Выбрать главу

Прежде чем сделать первый шаг, ты уже у цели.

Прежде чем открыть рот, ты уже все сказал.

Прозрение приходит прежде, чем успеешь понять…

Традиция требует признать, что всякое непонимание есть в действительности недопонимание. Если, согласно китайской традиции, мы в любой момент «уже знаем», то мыслить и обозначать значит всего лишь проводить межи в необозримом поле посредования смысла, то есть, по существу, проводить границы внутри предельности, ограничивать ограничение, если угодно, — писать «белым по белому». В таком письме все диктуется законом экономии выражения: чем меньше сфера условного, объективированного смысла, тем больше простора высвобождается для смысла как открытости бытия. Традиция — это строжайшая школа, которая служит высвобождению жизни. И чем менее традиционалистски художник стремится выразить себя, тем долговечнее его творения при условии, разумеется, сохранения памяти (то есть памяти непамяти!) бытийственных корней искусства. Ибо в таких культурах, где предельность форм непосредственно запечатлена в каноне школы или даже общего стиля культуры и индивидуальное почти совпадает с родовым, все решает не личная оригинальность, а отношение к традиции, имеющее целью постижение или, лучше сказать, высвобождение общего для всех первичного понимания. Речь идет об опыте, который недоступен выражению, но лишь потому, что не может быть сокрыт, ведь он знаменует не что иное, как безусловную открытость зиянию бытия, немыслимую встречу отсутствующего с отсутствующим или, говоря словами чаньской сентенции, «выливание чистой воды в чистую воду». В конце концов говорить афористически — значит утаивать неутаимое.

Итак, экспрессивная сила афористического высказывания есть та искра, которая высекается напряжением между сказанным и подразумеваемым, означенным и необозначенным. Следовательно, поэтическое «уплотнение смысла», предлагаемое афоризмом, носит характер метафорического процесса. Метафора же, вскрывая не замечавшиеся ранее аналогии между вещами, служит не столько обозначению, сколько познанию. Она выступает, по классическому определению Аристотеля, вестницей нового. Но если метафора есть принцип связи, она не просто дает знание каких-то новых сущностей. Связывая то, что не связывается, метафора сообщает еще и о границах вещей — о том, чем вещи не являются. Она подтверждает подлинное бытие вещей там, где они претерпевают превращение. Метафорическая речь — это творческая стихия самообновления, свидетельствующая о себе, если воспользоваться выражением А. Бергсона, в «текучих понятиях».

Но в конце концов метафора отрицает сама себя и сама себя превосходит. В этом качестве она оказывается прообразом постоянно определяющего и не умеющего определить себя духа, прообразом бесконечности, которая присутствует воистину только в конечном. Если все в мире существует по своему пределу, не преходит в нем лишь сама предельность существования. Эта предельность и составляет действительное содержание таких понятий, как «полнота бытия», «мир в целом» или наше «я» в его конкретной целостности. О таких вещах можно сказать только метафорически. Но сама метафора в предельной точке своего развертывания, будучи соотнесенной с универсумом, уже перестает быть только метафорой, «иносказанием», перестает отличаться от неметафоры. Она становится правдивым свидетельствованием бытия, даже если кажется «безумием мира сего». Оттого же в традиции все решает не сам текст, а отношение к тексту. Текст как памятник традиции требует молчаливо-понимающего читателя.

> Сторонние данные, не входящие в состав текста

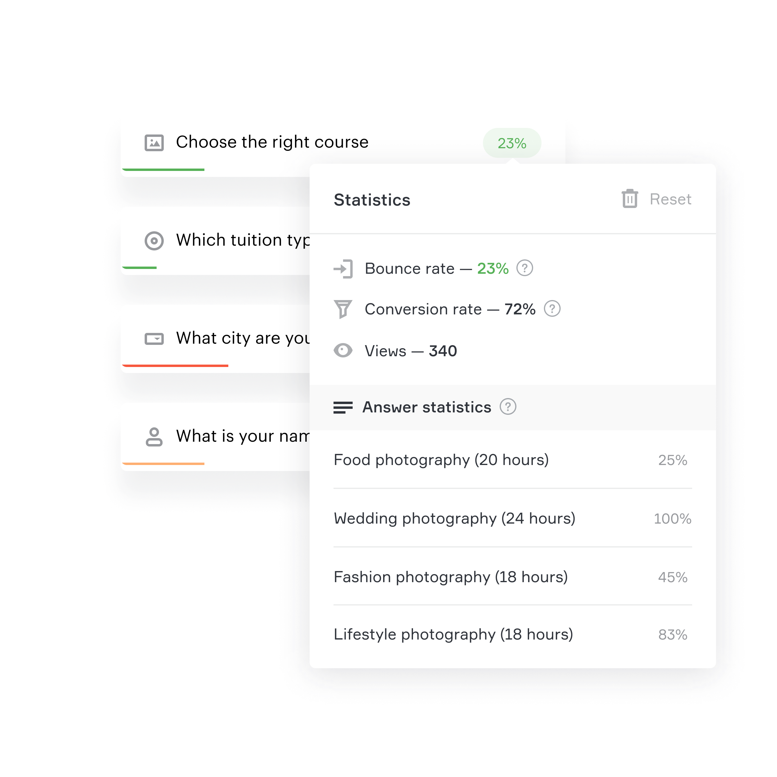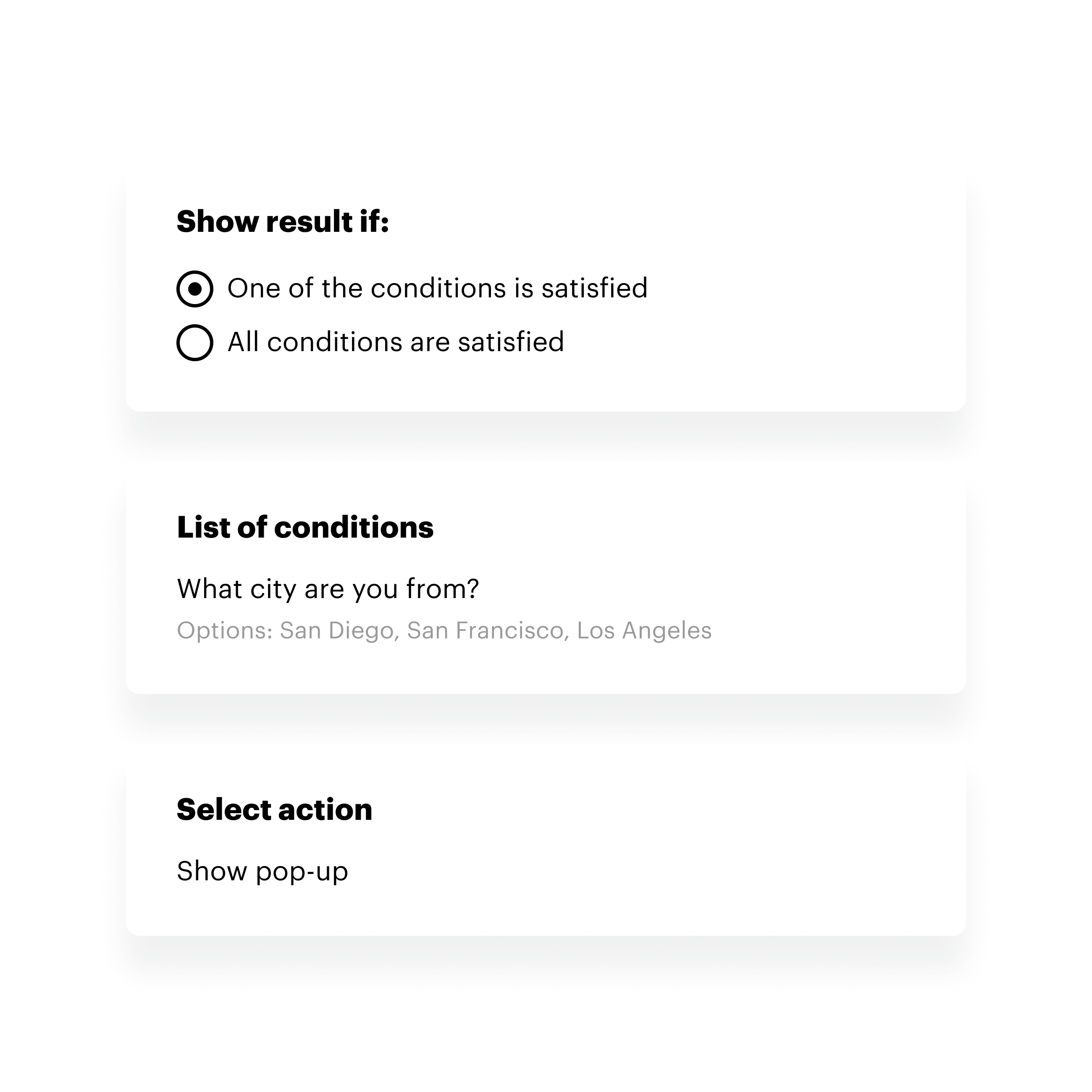 Személyre szabott kvízek minden látogatónak: Tegyél fel kérdéseket a megadott válaszok alapján. A látogatóknak nem kell irreleváns kérdésekre válaszolniuk, és te részletesebb információkat szerezhetsz.
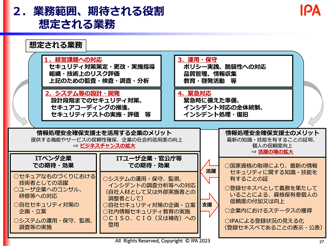 国家資格『情報処理安全確保支援士』がわかる!説明会(オンライン)に参加しました。独立行政法人情報処理推進機構(IPA)の主催で、制度の仕組みや登録手続きの方法、そして資格活用例や登録のメリット等について、体系的にご説明頂きました。
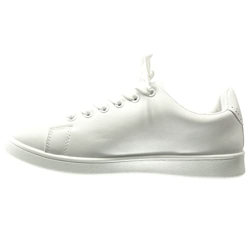 ANGKORLY - Scarpe Moda Scarpe - Sneakers Basso Donna Fantasia Ricamo Finitura Cuciture Impunture Tacco Piatto 0 CM - Bianco 4 OH005 T 40
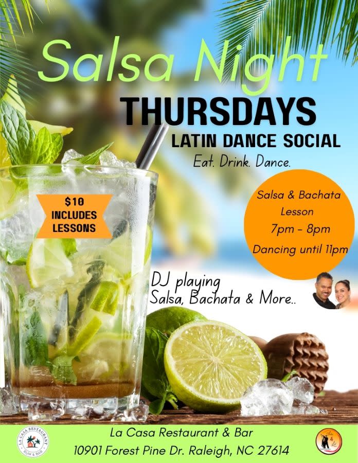 Come out to La Casa Restaurant & Rum Bar each Thurs., from 7-8pm for Salsa and Bachata lessons. Afterward, dancing will go until 11pm! $10 lesson fee.

Изумление, рождаемое новаторством истинного мастера, проистекает в конечном счете не просто из парадоксального сопряжения образов, из чего-то нового лишь по видимости, но из некоей глубины смысла, которая раскрывается как отрицание исходных посылок творчества. Художник преодолевает себя в своем произведении. Чувство границы — вот что отличает его новаторство от новизны, скажем, бреда сумасшедшего. Перспектива взаимопереходов, извечного мерцания смысла и есть та неведомая форма, по отношению к которой только и имеет смысл новизна художественного творчества. В соотнесенности с этой всеобъятно-пустотной формой произведение искусства становится интимно понятным нам, даже если все в нем для нас незнакомо, и мы не можем выразить это интимное понимание в понятии.